Asked what is "the most important problem facing the residents of Anne Arundel County," 29 percent of the respondents named education, 26 percent said growth, 19 percent said crime, and 5 percent said taxes. Last spring, education was the top concern of 17 percent of respondents, ranking it far behind growth and crime.

"We have not seen any of the top concerns change by this large of a percentage from one survey to the next," said center director Dan Nataf, who noted that the countywide poll has been conducted for about 20 years. "And it's no state secret how that came about."

Educational priorities have been highlighted in TV and print advertisements by candidates all over the country, running for every level of public office.
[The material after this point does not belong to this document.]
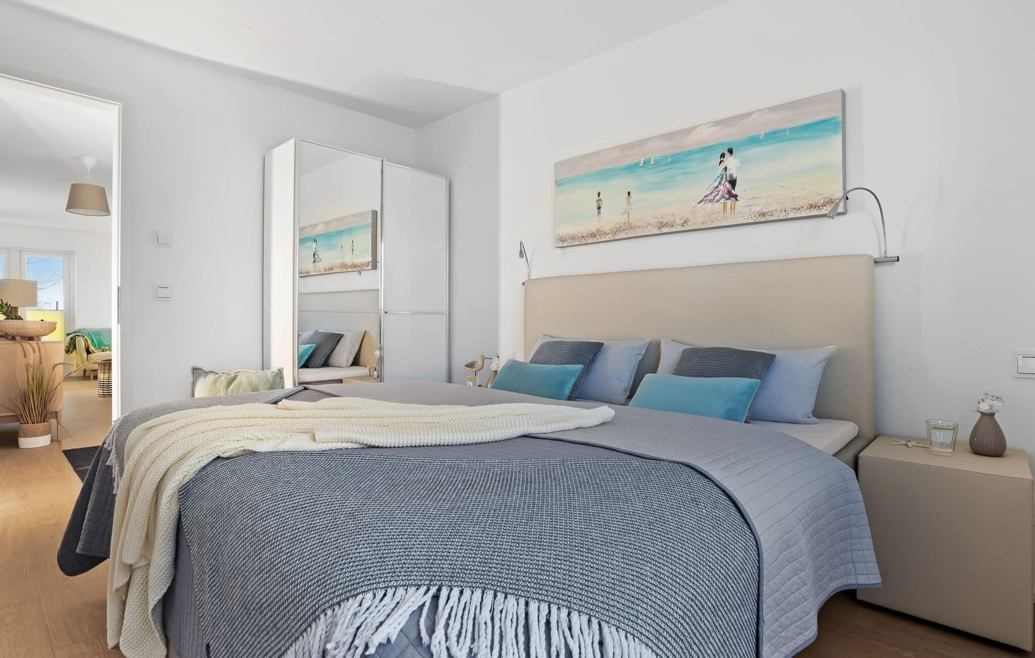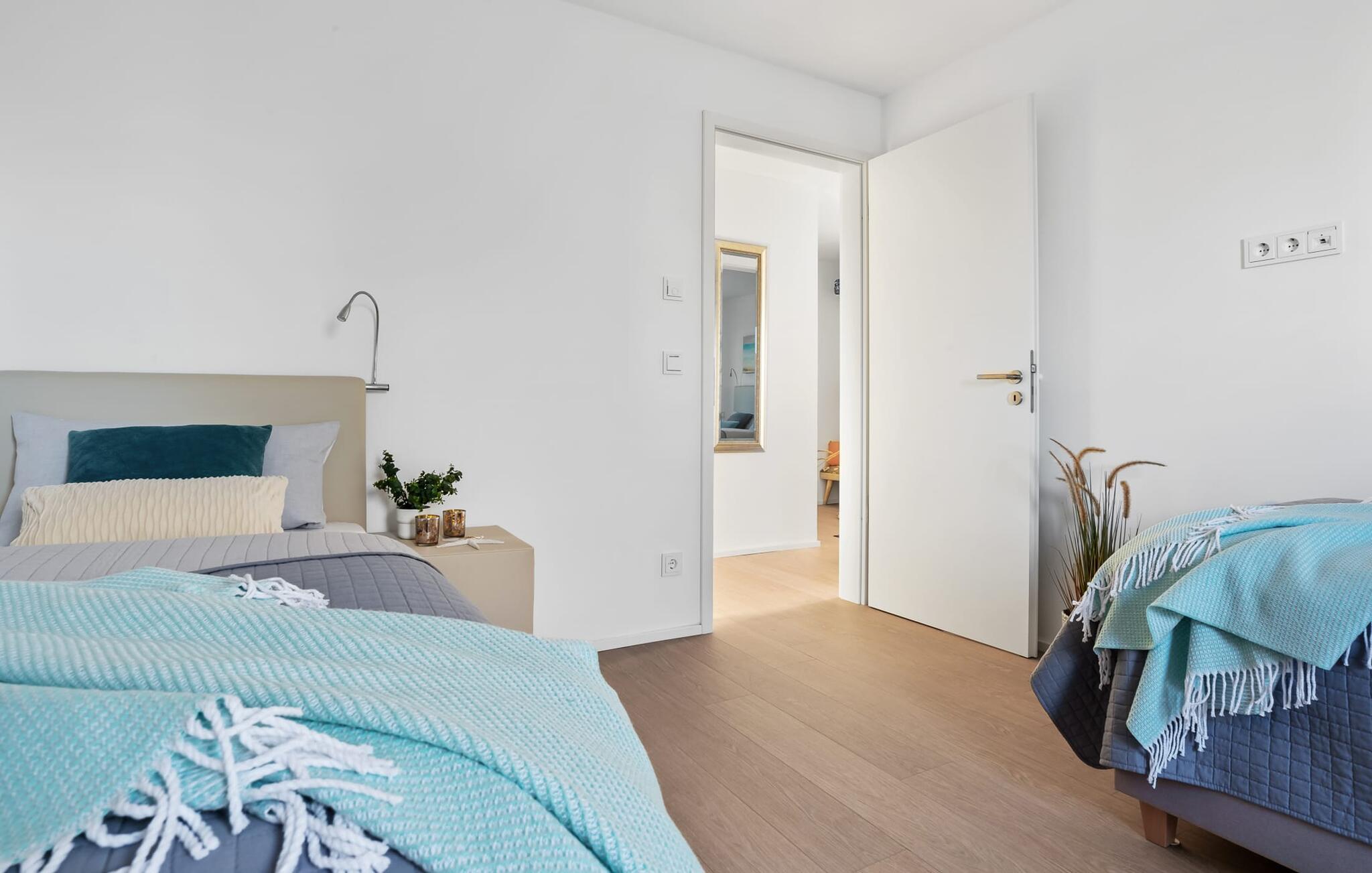 To soveværelser er tilgængelige til afslapning om natten. Det første soveværelse forkæler jer med en komfortabel boxmadras, mens det andet soveværelse inviterer jer til at drømme med to komfortable boxspring enkeltsenge.

"Nationwide, education is a priority issue for citizens," said Susie Jablinske, president of the Teachers Association of Anne Arundel County. "This is not a local phenomenon. Candidates all over the country are running on the education platform."

So it's not surprising that County Executive John G. Gary and Janet Owens, fighting a close battle for the highest political office in Anne Arundel County, are campaigning hard on platforms calling for improving education.

Owens, the Democratic challenger, has vilified Gary for his role in the school budget war that erupted last spring.

"Today, our children and teachers are suffering in a political war zone," she says in her campaign literature. "Test scores are falling, buildings are deteriorating and morale is at an all-time low. All this, while millions of dollars are shifted from the schools to fund other county projects. As the next county executive, I will change that direction."

Owens once called Gary a "schoolyard bully."

"People are not happy with all of the acrimony that has occurred between the county executive, County Council and the school board," she said.

The word "education" is highlighted in bold, bright-blue letters in Gary's campaign literature. There is a color picture of the Republican executive with three small children and a quote: "I have a granddaughter who, like these children, will soon be attending school. I want an education second to none for all our kids. That's why I've doubled the textbook budget, increased school construction by 30 percent, and funded 272 new teachers."

Whatever the reason for the attention, Superintendent Carol S. Parham is relishing it.

"Frankly, I'm glad to see it," she said. "The quality of your schools is an indicator of the quality of life in your community. When you hear of a community having good schools, you usually associate that with good housing and low crime."

Parham, who has consistently requested more funds for county schools, recognizes there might be some conflict in the part of the survey that finds that residents want good schools and low taxes.

"All I can say is, it's going to be a challenging task for the next county executive," she said.

The survey also found:

The proposed building of an auto racetrack in the northern part of the county is opposed by 42 percent and supported by 36 percent, with 22 percent undecided.

When asked how serious local transportation problems are, 24 percent said very serious, 32 percent said somewhat serious, and 35 percent said not very serious.

When asked whether they would support a moratorium on residential construction in their area, 53 percent said yes, 35 percent said no, and 12 percent were undecided.

The survey polled 356 county residents.